- **YOUR TASK**
Output the lines from the one holding "预测最终D点: 09-04:15, 共259交易小时" to the end of the entries that follow, exactly and only those, minus any pictures.

- **DATA TO EXAMINE**
■ ■ ■ ■ ■ ■ ■
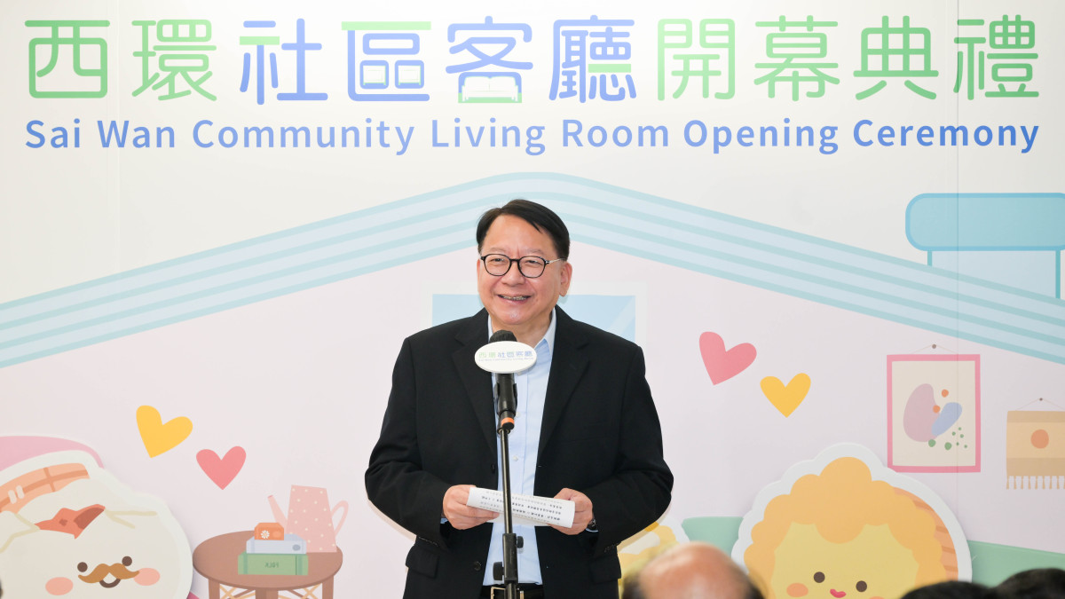 【點新聞報道】西環社區客廳今日(27日)正式開幕,是繼今年2月啟用的西營盤社區客廳後,中西區第二個社區客廳。政務司司長陳國基出席開幕禮並致辭時介紹,西環社區客廳實用面積約3000平方呎,預計可以為380個「劏房」家庭提供服務,全年接待約5.7萬人次;連同同區的西營盤社區客廳,兩間社區客廳全年可以為區內街坊提供合共約9.4萬人次的服務。
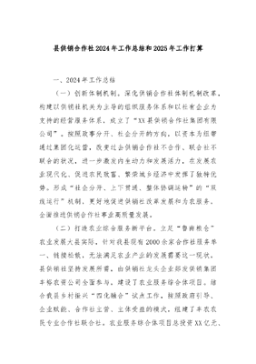 县供销合作社2024年工作总结和2025年工作打算.docx
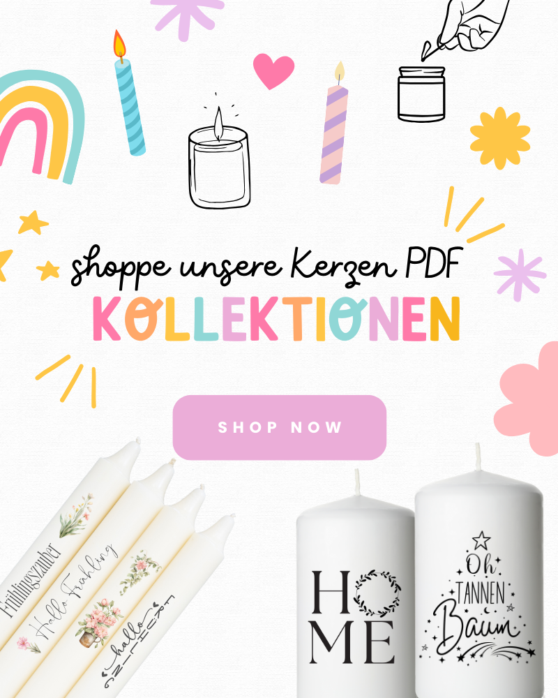 Unsere Vorlagen im Din A4 Format, lassen sich ganz einfach auf Wasserschiebefolie drucken. Gestalte dir deine Kerzen.
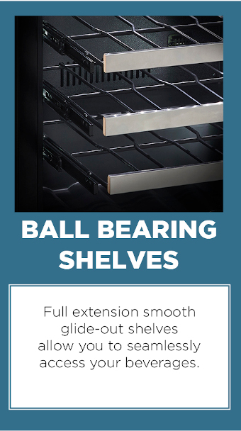 - 5 Full extension ball bearing shelves + 3 pull out tempered glass shelves
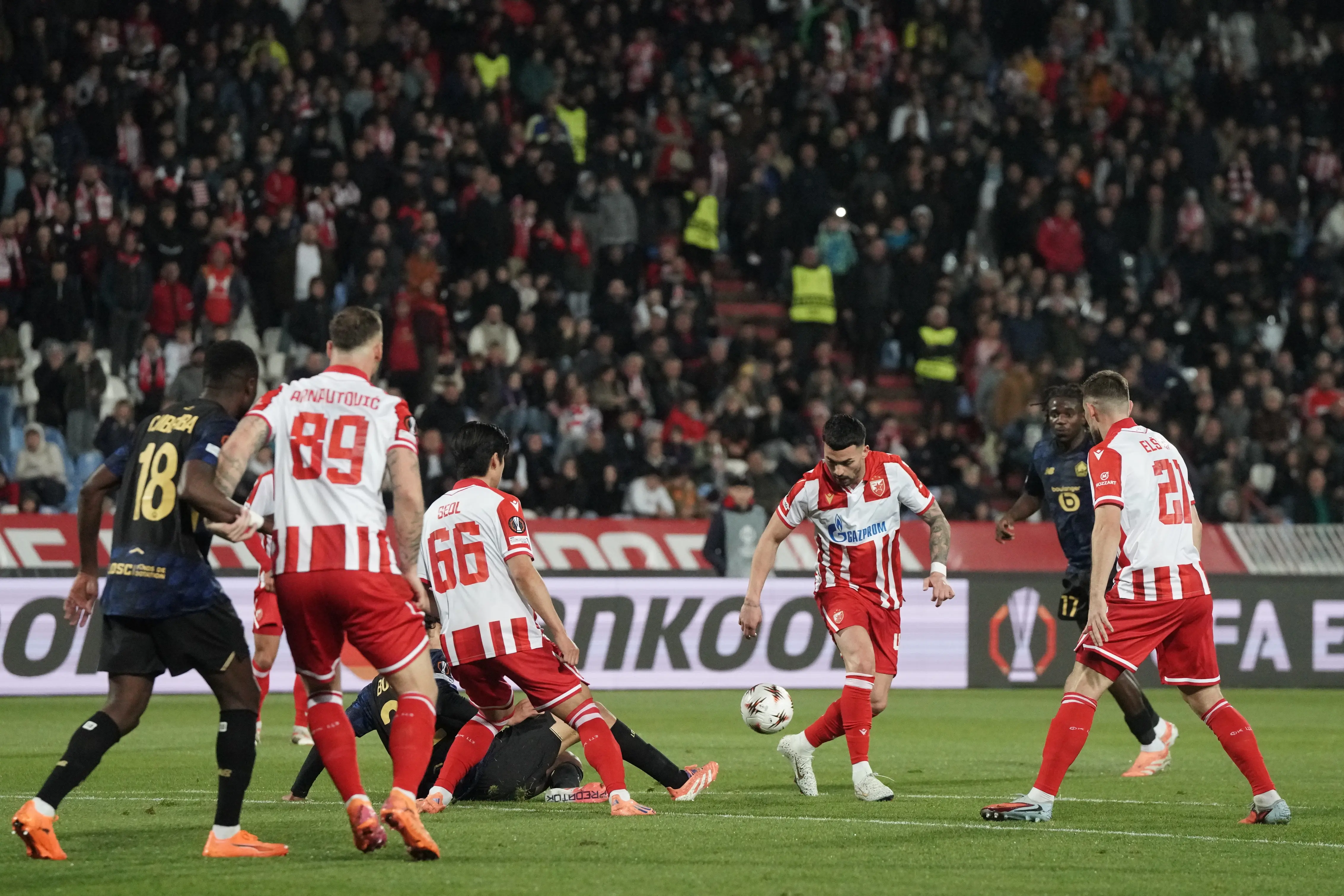 Foto: TANJUGMILOŠ MILIVOJEVIĆFudbaleri Crvene zvezde savladali su večeras Lil rezultatom 1:0 u utakmici četvrtog kola Lige Evrope.
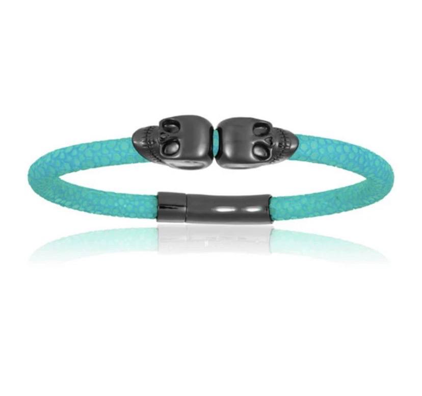 Rhodium Twin Skull Turquoise Stingray Bracelet
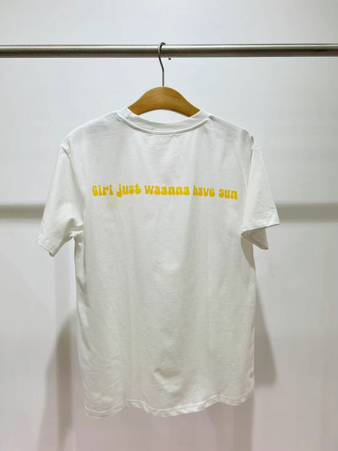 Inscription « Girls just waanna have sun » au dos en lettres jaunes
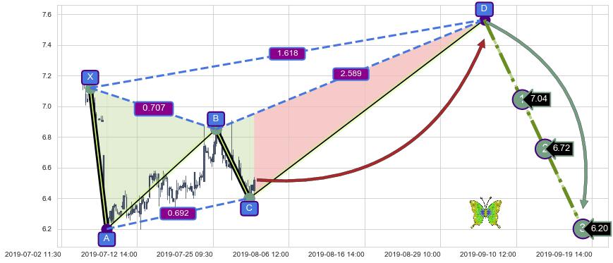 ➣ 未完成【蝴蝶】形态起点X: 07-05:13, 已到达C点: 07-31:09, 预测最终D点: 09-04:15, 共259交易小时
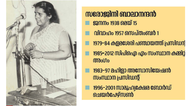 പറവൂരിൽ മകളുടെ വസതിയിൽ ചൊവ്വ രാത്രി അന്തരിച്ച സരോജിനി ബാലാനന്ദന്റെ മൃതദേഹം വഹിച്ചുള്ള വിലാപയാത്ര ആദ്യമെത്തിയത് കളമശേരി മുനിസിപ്പൽ ടൗൺഹാളിലേക്കാണ്. പ്രിയനേതാവിന് അന്ത്യാഞ്ജലി അർപ്പിക്കാനെത്തിയവരിൽ പഴയതലമുറ ഓർത്തെടുക്കുകയായിരുന്നു കളമശേരിയുടെ ആദ്യ വനിതാ പഞ്ചായത്ത് പ്രസിഡന്റിന്റെ ഭരണമികവ്.
■ ■ ■ ■ ■ ■ ■
- **RESULT OF THIS TASK**
 ➣ 未完成【蝴蝶】形态起点X: 07-05:13, 已到达C点: 07-31:09, 预测最终D点: 09-04:15, 共259交易小时
 പറവൂരിൽ മകളുടെ വസതിയിൽ ചൊവ്വ രാത്രി അന്തരിച്ച സരോജിനി ബാലാനന്ദന്റെ മൃതദേഹം വഹിച്ചുള്ള വിലാപയാത്ര ആദ്യമെത്തിയത് കളമശേരി മുനിസിപ്പൽ ടൗൺഹാളിലേക്കാണ്. പ്രിയനേതാവിന് അന്ത്യാഞ്ജലി അർപ്പിക്കാനെത്തിയവരിൽ പഴയതലമുറ ഓർത്തെടുക്കുകയായിരുന്നു കളമശേരിയുടെ ആദ്യ വനിതാ പഞ്ചായത്ത് പ്രസിഡന്റിന്റെ ഭരണമികവ്.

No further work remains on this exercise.